I have a dataset sorted by IDs and several fruits. What I want to do is detect all possible combinations of 2 fruits dependent on the ID without repetition (Apple-Banana combination should be the same as Banana-Apple).
As an example:
ID | Fruit |
---|---|
1 | Apple |
1 | Banana |
1 | Blueberry |
2 | Apple |
3 | Orange |
3 | Banana |
3 | Apple |
3 | Blueberry |
What I want to create is:
ID | Combination |
---|---|
1 | Apple Banana |
1 | Apple Blueberry |
1 | Banana Blueberry |
2 | Apple |
3 | Banana Orange |
3 | Apple Orange |
3 | Blueberry Orange |
3 | Apple Banana |
3 | Banana Blueberry |
3 | Apple Blueberry |
The example dataset:
ID <- c(1,1,1,2,3,3,3,3)
Fruit <- c("Apple","Banana","Blueberry","Apple","Orange","Banana","Apple","Blueberry")

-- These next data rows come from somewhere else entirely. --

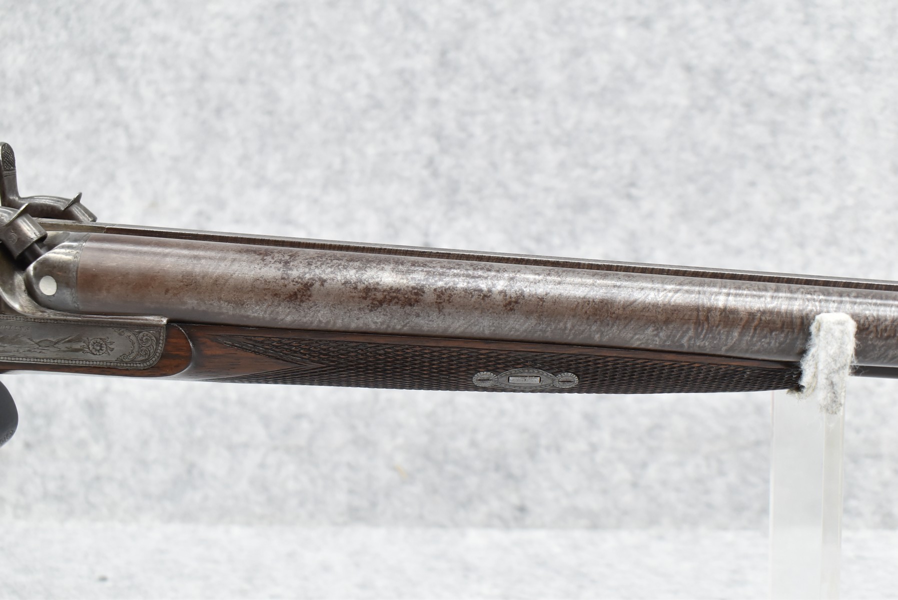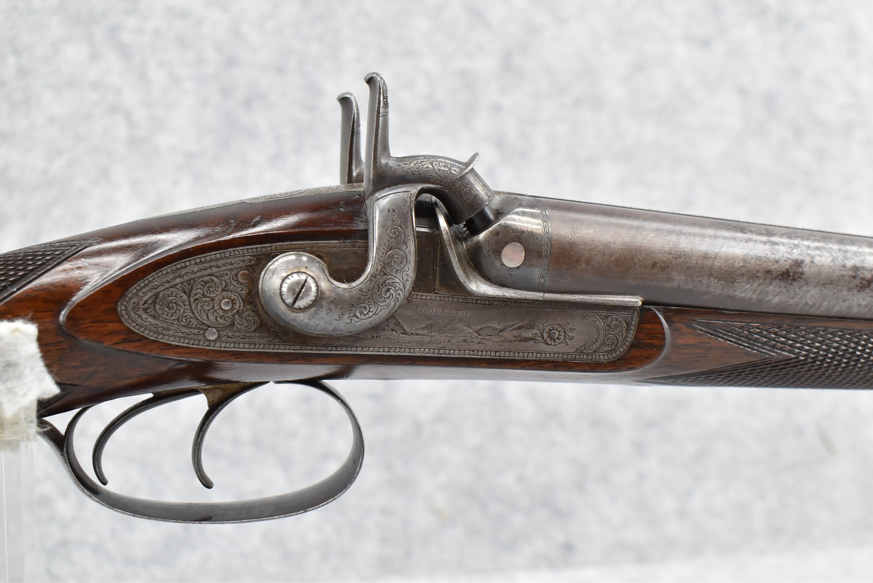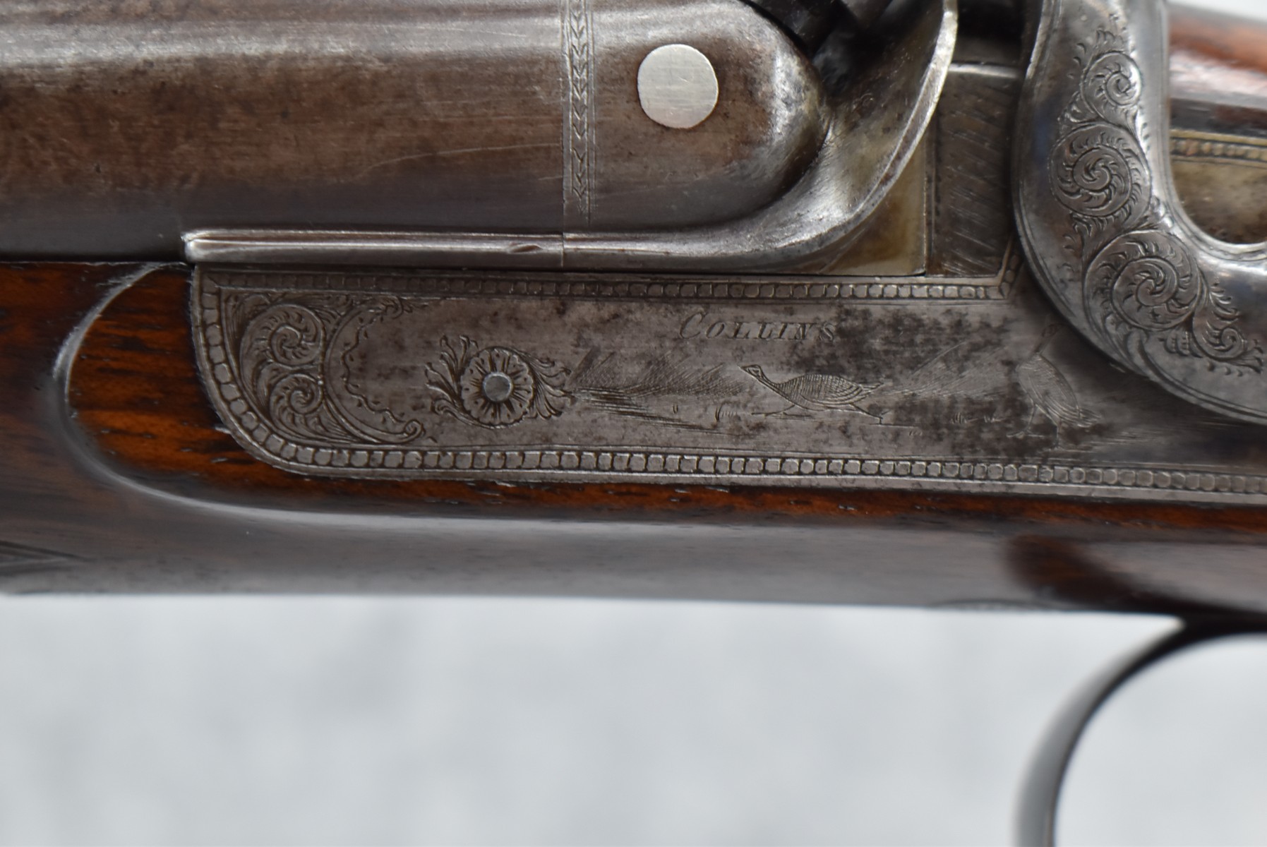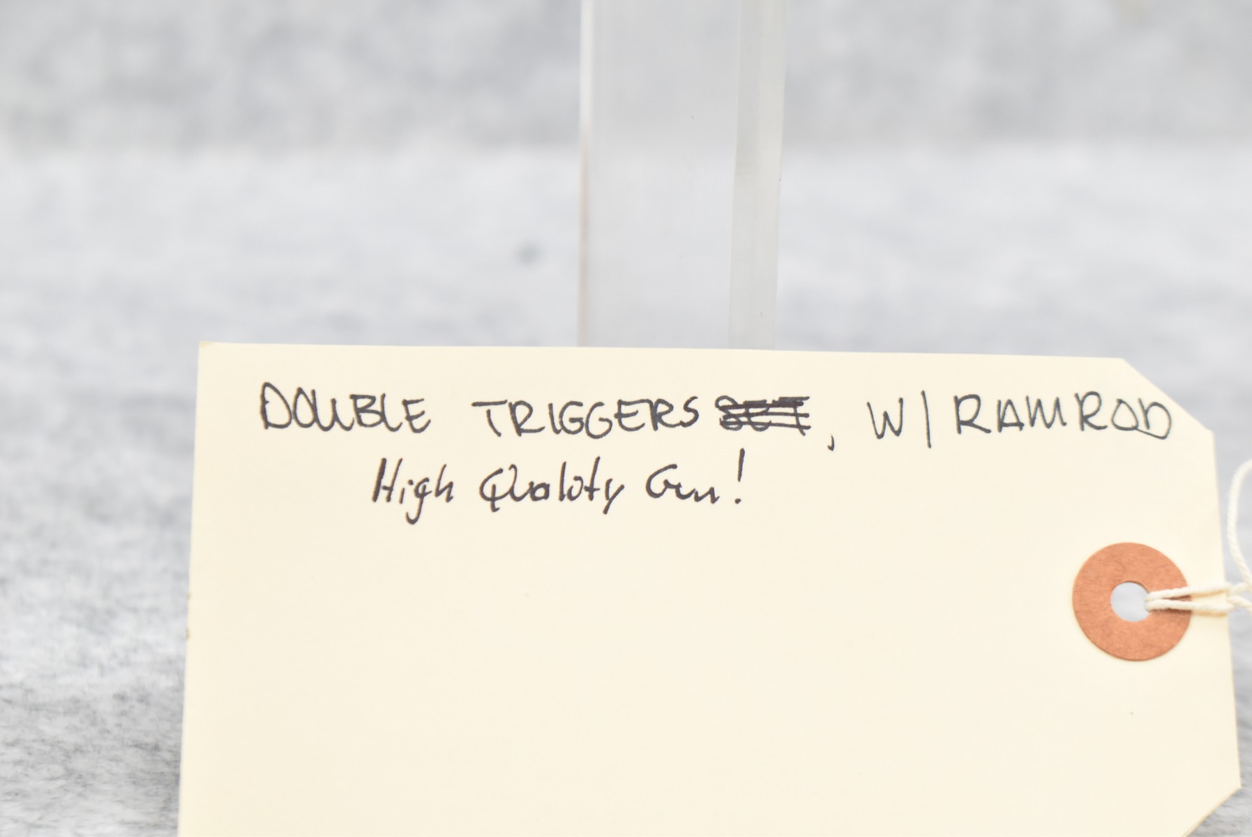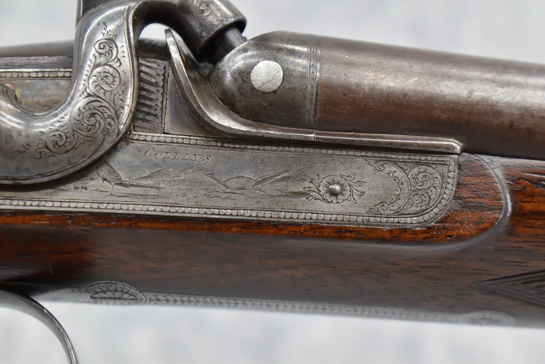 257.        Collins – 12ga. Black Powder Double Barrel Shotgun – w/31” Damascus Barrels w/Front Bead Sight – Fine Engraved Receiver – w/Checkered Straight Grip Wood Stock – w/Double Triggers – w/Ram Rod – High Quality Gun!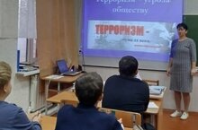 В нашей школе теме терроризма была посвящена беседа с учащимися 8 класса. Классный руководитель Немцова С. А. организовала показ видеоролика " Терроризм - угроза общества", где ребята вспомнили правила поведения при чрезвычайных ситуациях, как себя вести в экстренных случаях. Ученики получили памятки о поведении в ЧС. В школьной библиотеке есть уголок, посвящённый этой злободневной теме.
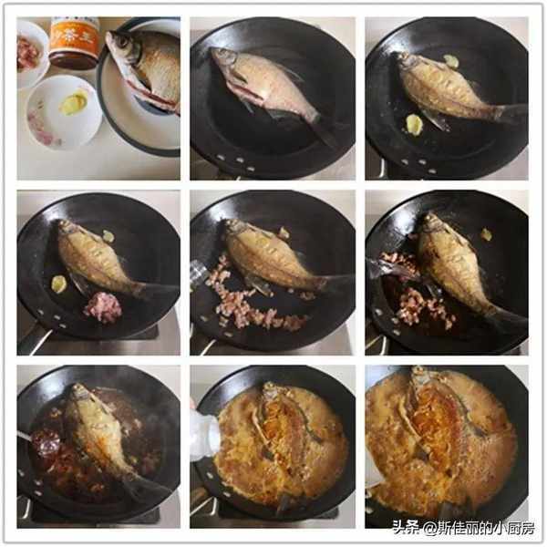 制作:熱鍋涼油, 將鯿魚表面水分吸幹後入鍋煎至雙面金黃, 空餘邊放入薑片煸一下;再加入少許肉末在鍋的空餘邊煸炒至變色,加入少許料酒和生抽,一次性加入適量的水,加入1勺沙茶醬繼續燉煮約8分鐘左右,加入少許鹽調味, 大火收汁,中間將魚翻個面, 以便魚的雙面入味,最後撒入蔥花即可。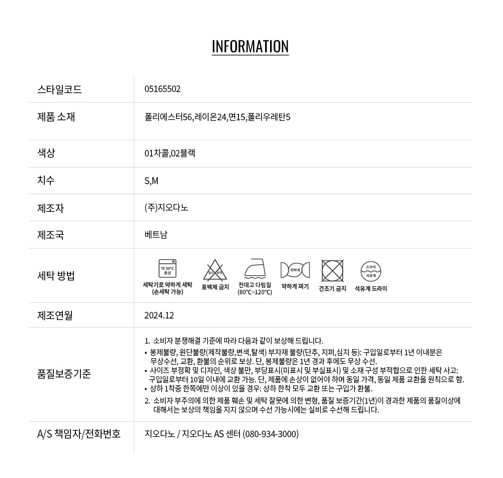 • 교환 진행시 배송비 5,000원 주문자 성함으로 입금 부탁드립니다(신한은행:267-05-028523 (주)지오다노)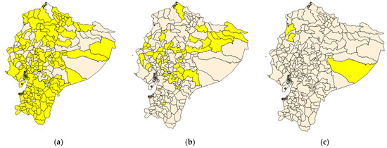 The relative contribution of the q-th factor to row element i: (a) Cantons of Ecuador that characterize axis 1; (b) Cantons of Ecuador that characterize axis 2; (c) Cantons of Ecuador that characterize axis 3. Source: Own Elaboration using QGIS 2.18.4.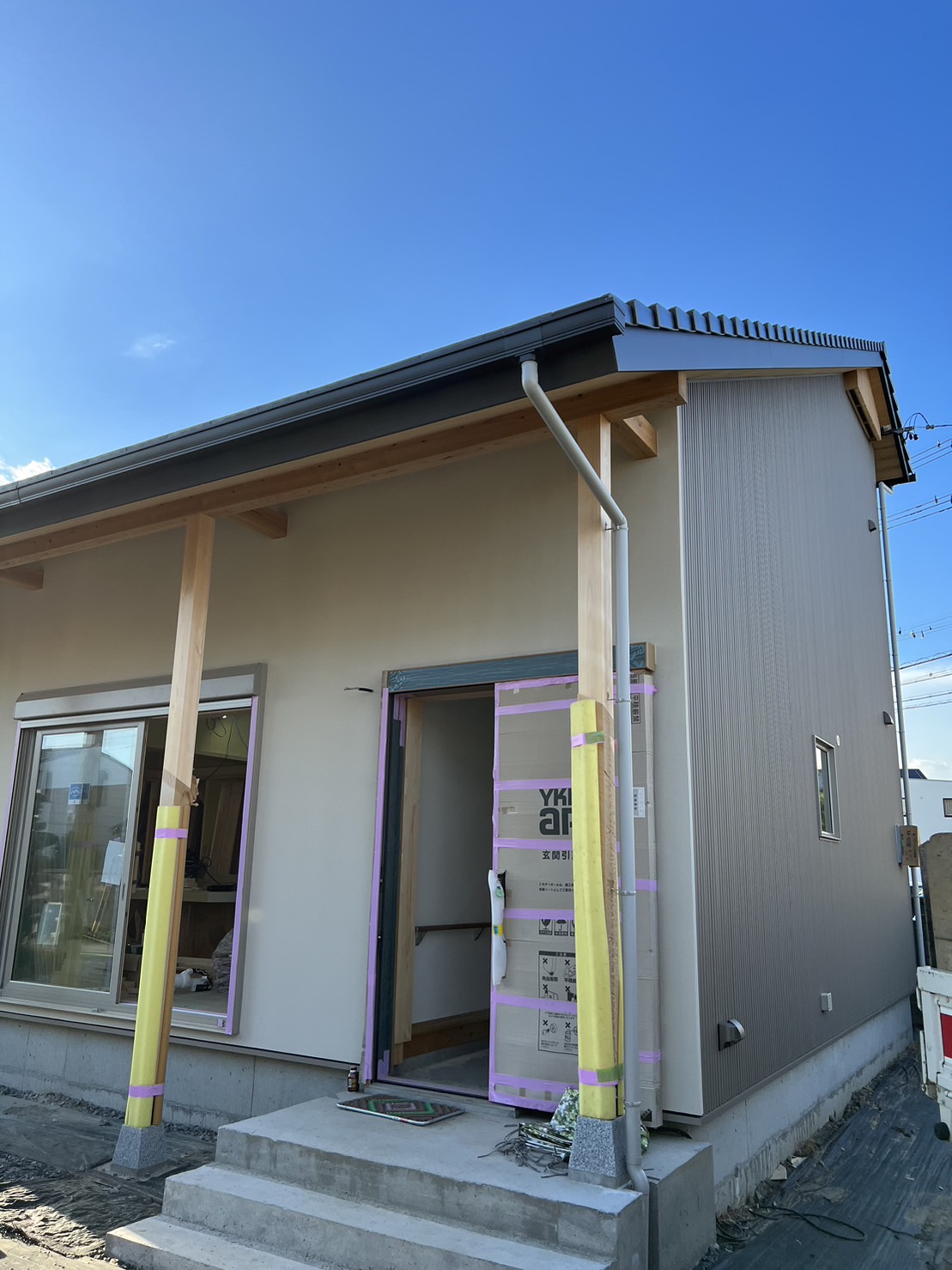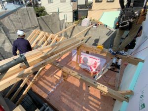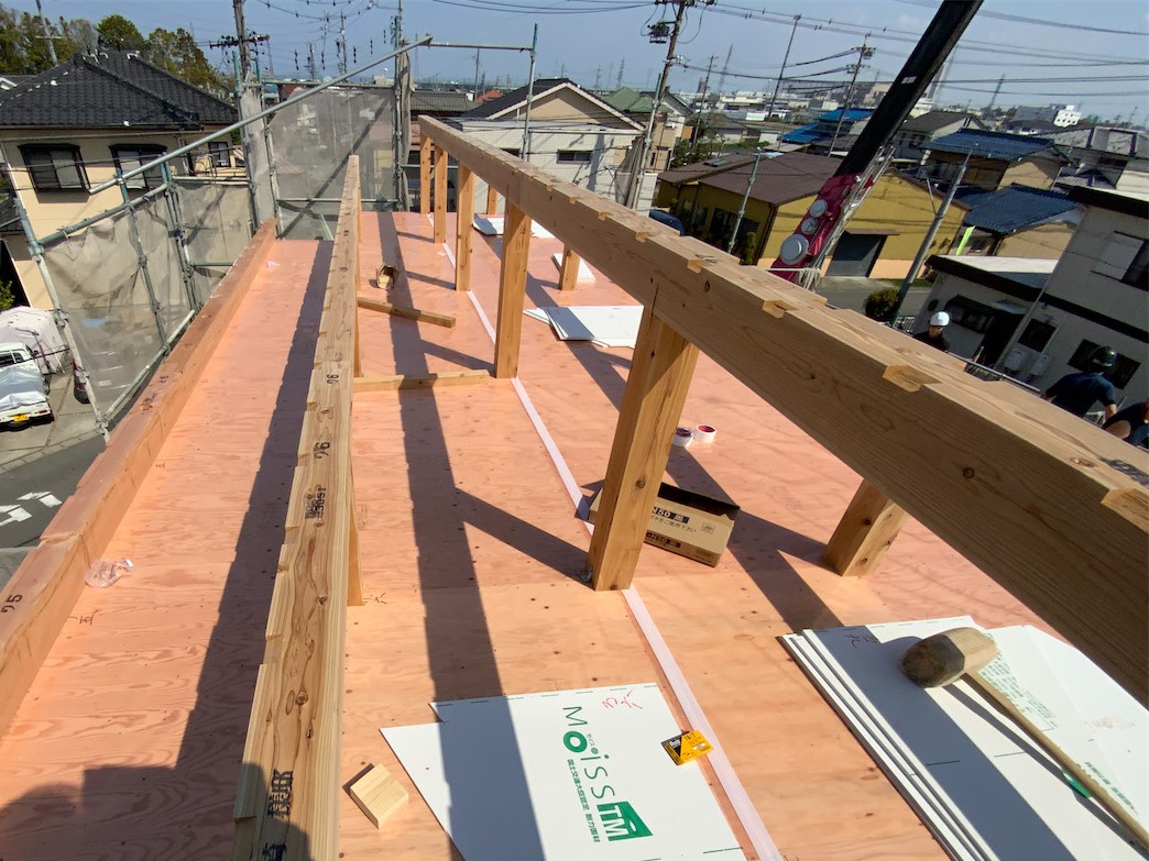 重たい耐力壁となる面材は、一人では張るのが大変💦なので、元気な若手大工さんがいる建て方の際に張られます👍下屋との取り合い部分にも耐力面材を張るので、屋根よりも先に施工しなくてはいけない部分もあります。

dataset <- data.frame(ID, Fruit)
This is for reference.
uniID=unique(dataset$ID)
res=NULL
for (id in 1:length(uniID))
{
sameIDdf=dataset[dataset$ID==id, ]
x=nrow(sameIDdf)
print(x)
if (x>1)
{
comb=t(combn(1:x, 2))
for (i in 1:nrow(comb))
{
res=rbind(res, data.frame(ID=id, Combination=paste(sameIDdf[comb[i,1], 'Fruit'], sameIDdf[comb[i,2], 'Fruit'])))
}
} else
{
res=rbind(res, data.frame(ID=id,Combination=sameIDdf[1,'Fruit']))
}
}
res
Result:
ID Combination
<int> <fct>
1 Apple Banana
1 Apple Blueberry
1 Banana Blueberry
2 Apple
3 Orange Banana
3 Orange Apple
3 Orange Blueberry
3 Banana Apple
3 Banana Blueberry
3 Apple Blueberry